Myrlande Constant (born 1968) is a Haitian textile artist who specializes in Vodou themed flags, or drapo Vodou. Since she began making Vodou flags in the 1990s, she has transformed and surpassed this medium, preferring to make large-scale tableau, she describes her work as "painting with beads." Constant is married and the mother of four children.

== Biography ==
Constant was born in Port-au-Prince in Haiti where, as a teenager, she learned the art of beading while working with her mother in a Port-au-Prince factory making wedding dresses. Once she quit that job, she moved on to be one of the most celebrated artists for making Vodou drapo. Constant has taken part in the revolution in the art of drapo-making over the last two decades. She has been making flags since the 1990s. Since the 1990s, there was an abrupt shift in drapo-making, which was primarily a male art form. There are several new designers who are women now, one of them being Myrlande Constant. Because of the impact that Constant has on other people, she influences art-making in other individuals, in particular Marilyn Houlberg.
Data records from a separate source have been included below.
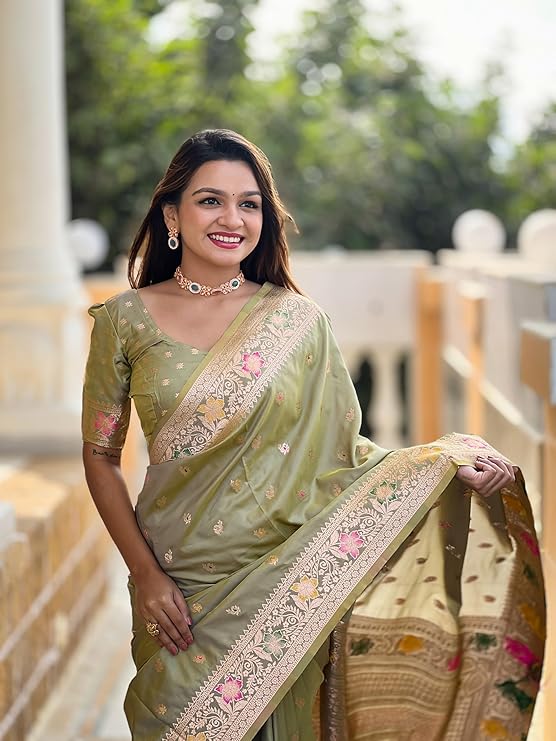 women’s Soft Banarasi Silk Saree with Minakari Weaving & Tassels(BN5_Mahendi)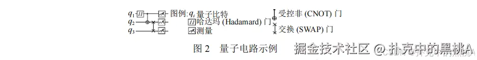 图 2是一个量子电路的例子,横线代表量子比特,方框代表量子门,最右边的竖线代表测量。电路深度指 “最长操作路径的长度”(比如这个例子里,从 H 门到测量共 4 步),深度越小,计算越快,越不容易受退相干影响。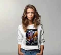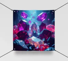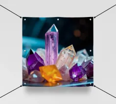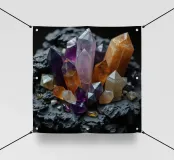 Una collezione di cristalli vibranti si trova su una base di pietra scura, che mette in evidenza le loro varie forme e colori. La luce soffusa enfatizza la bellezza e la chiarezza di ogni gemma.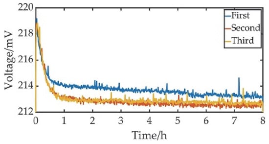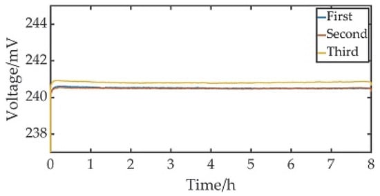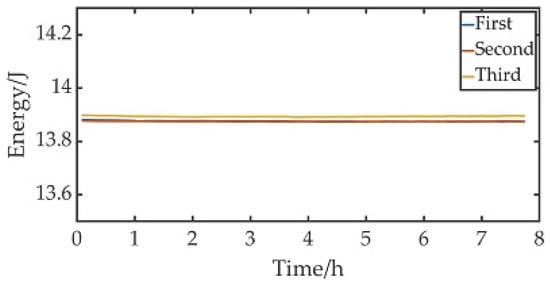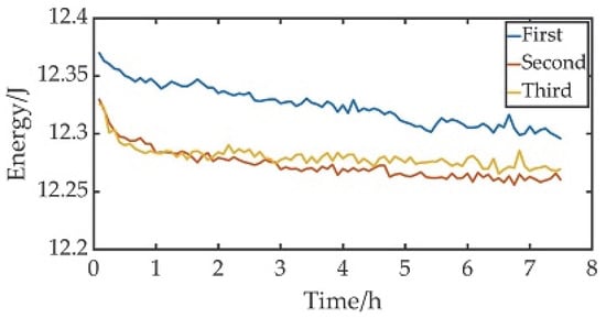 Figure 11 shows the PD output voltage during the measurement time of 8 h in Experiment 1. This can be substituted into the light source stability measurement algorithm for the flux calibration of the space gaze camera. Figure 12 demonstrates the change in the total energy over time in gaze time. Statistical analysis was performed on the three-measurement data, respectively. The results of the error analysis for a single measurement are shown in Table 3.

Constant bears witness to her nation's calamities. For example, after the earthquake in Haiti in 2010, the artwork Myrlande made represented the collectivistic society through the things that were going on at the time.
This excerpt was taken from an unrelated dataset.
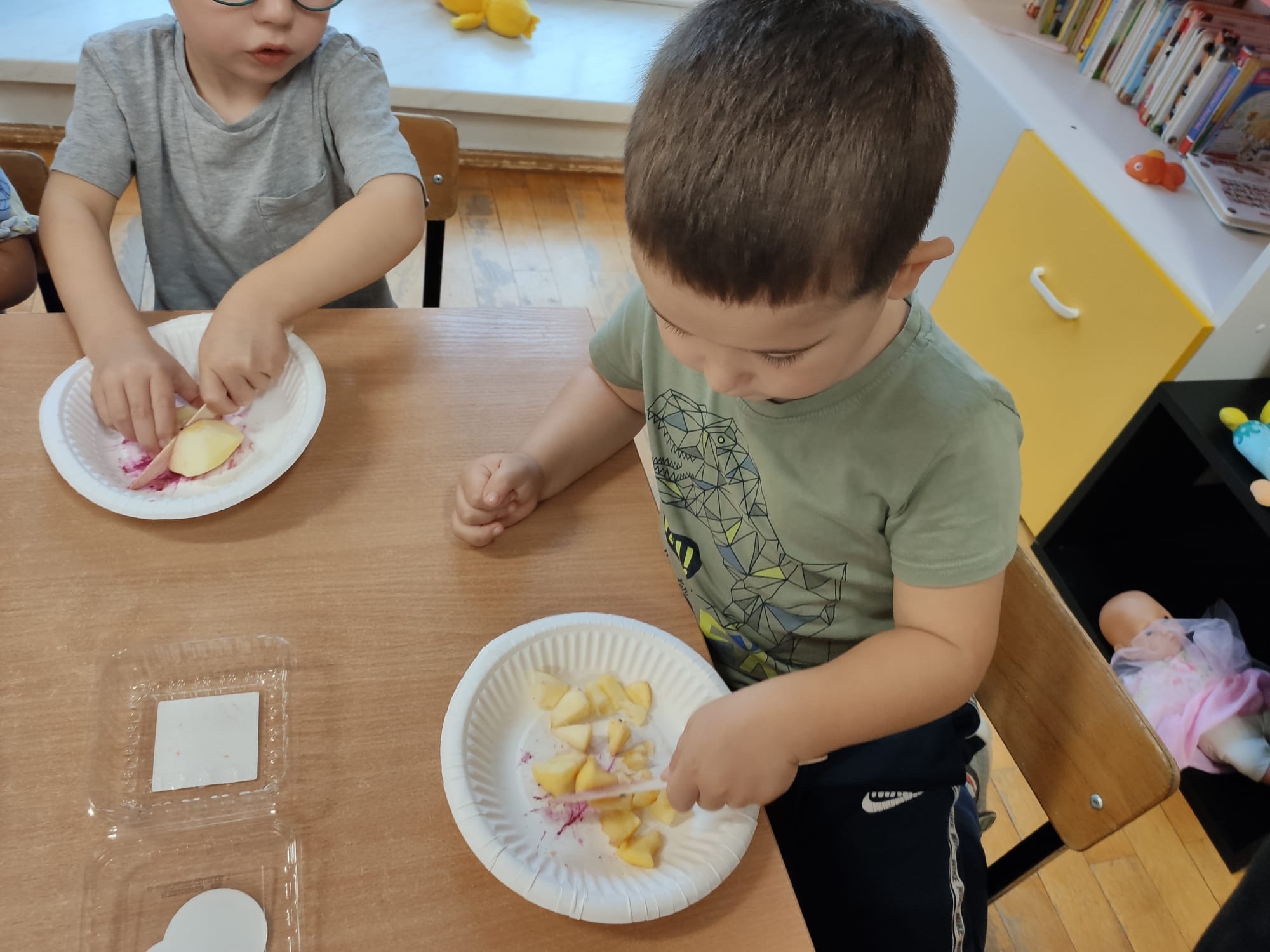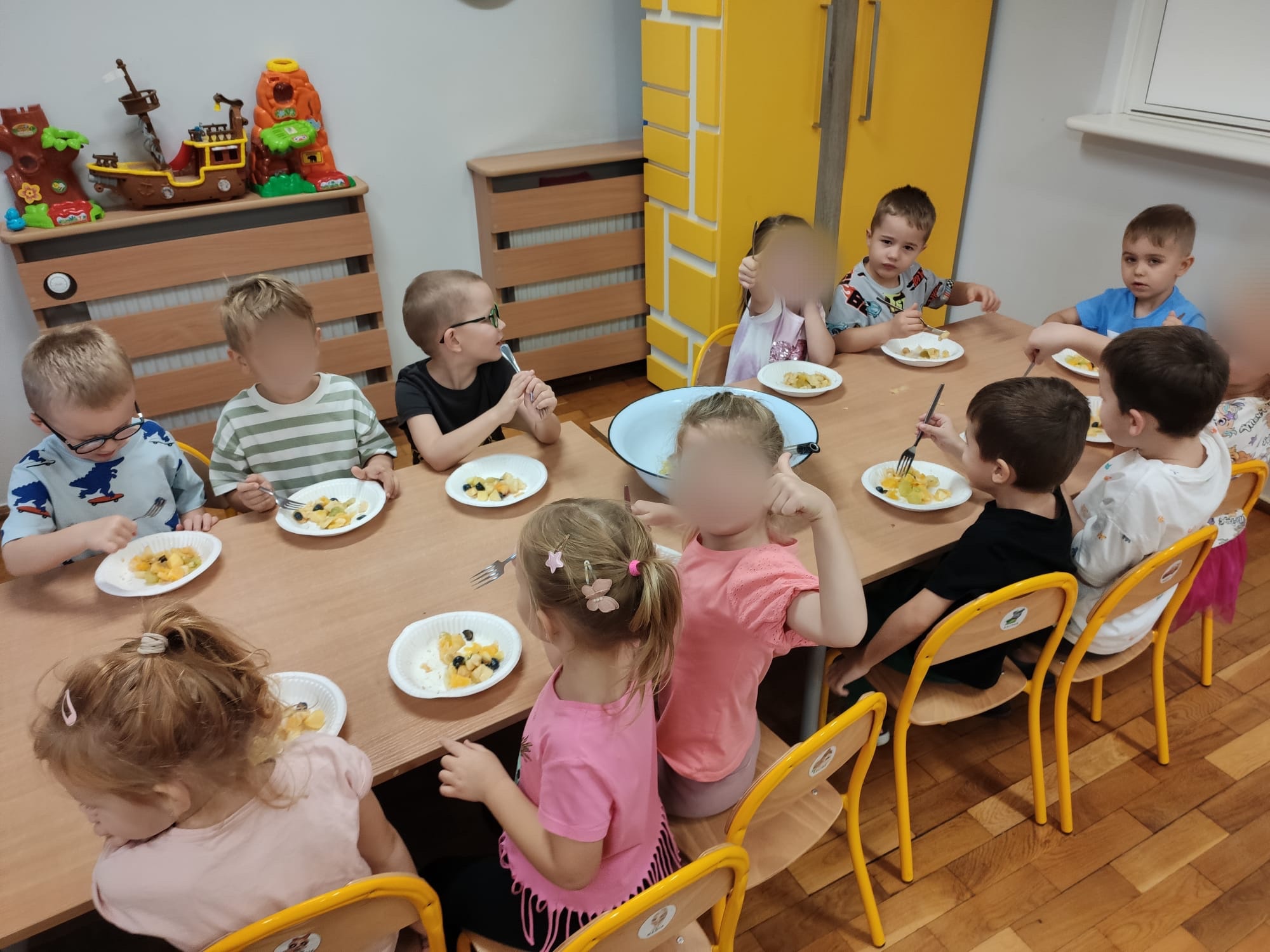 Dziś dzieci z grupy II postanowiły zamienić się w małych kucharzy i przygotować pyszną oraz zdrową sałatkę owocową.

Her works are densely beaded flags (some as large as six by seven feet). Constant's flags are much larger than traditional flags. In 2011, Constant participated in a series of exhibitions, workshops, and lectures at Brown University in Providence, Rhode Island, where she conducted a three-day flag-making workshop.
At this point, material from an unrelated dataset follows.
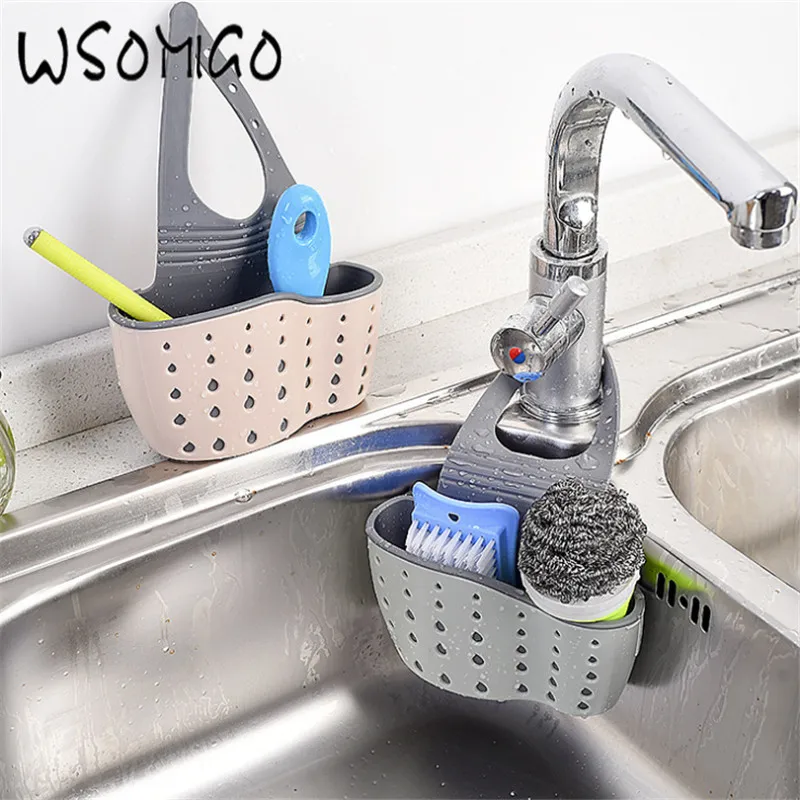 Kitchen Accessories Utensils Organizer Adjustable Snap Sink Soap Sponge Holder Kitchen Hanging Drain Basket Kitchen Gadgets-S

== Principal exhibitions and works ==
Myrlande Constant had her first sale to Richard A Morse, who was the manager of the Oloffson Hotel in Port-au-Prince. Other subsequent sales of her outstanding Vodou flags were made through the connections of her husband, Charles, who convinced customers and visitors at the hotel to buy her work. Many of Constant's inspirations for her artwork came from her father, who is a Vodou priest and Christian. She states that she has no one to thank but the spirits and God before the spirits. She additionally states that the mystical feelings and aspirations come from her thoughts. Everything she puts on a flag is there for a reason because the spirit keeps her working. Constant is also inspired by Milo Rigaud's landmark book called Veve. This book contains symbolic drawings of spirits made on Vodou temple floors. Constant uses that inspiration to remember her memories of Vodou ceremonies and knowledge of the spirits to create her own design in the flags.

The main process of the making of her flags starts with pencil drawings on white cloth. Second, she sews the sequins and beads to the cloth. Lastly, she incorporates the colors that associate with the spirits. Typically, most of her works are as large as bedspreads depicting various significant events in Vodou and Haitian history through using needle, thread, cloth, and tiny adornments.

Constant is particularly a well-known Haitian and Vodou artist in many parts of the world. Specifically, her piece of the 2010 Haiti earthquake apocalypse was recognized as an immediate potential for becoming one of the 2011 Ghetto Biennale Exhibition in New York's most extreme and powerful artistic visions. In 2014, her work was exhibited along with André Eugène, Adler Guerrier, Pascale Monnin, and others in a group show co-curated by Herns Louis Marcelin and Kate Ramsey titled "Transformative Visions: Works by Haitian Artists from the Permanent Collection" that was held at the University of Miami Lowe Art Museum. In 2018, she was one of the participating artists in the group show, PÒTOPRENS: The Urban Artists of Port-au-Prince at Pioneer Works, co-curated by Haitian-American artist and curator Edouard Duval-Carrié and British artist and curator Leah Gordon. In 2019, along with twenty-two other artists, her work was exhibited in "The Last Supper" themed Faena Art Festival in Miami. Pushing the boundaries of the form, the largest of her flags measured 10 by 7 feet. In 2022, a retrospective of her work will be held at the Fowler Museum at UCLA. Constant's work Negra Danbala Wedo (1994-2019), is featured in the collection of the Pérez Art Museum Miami.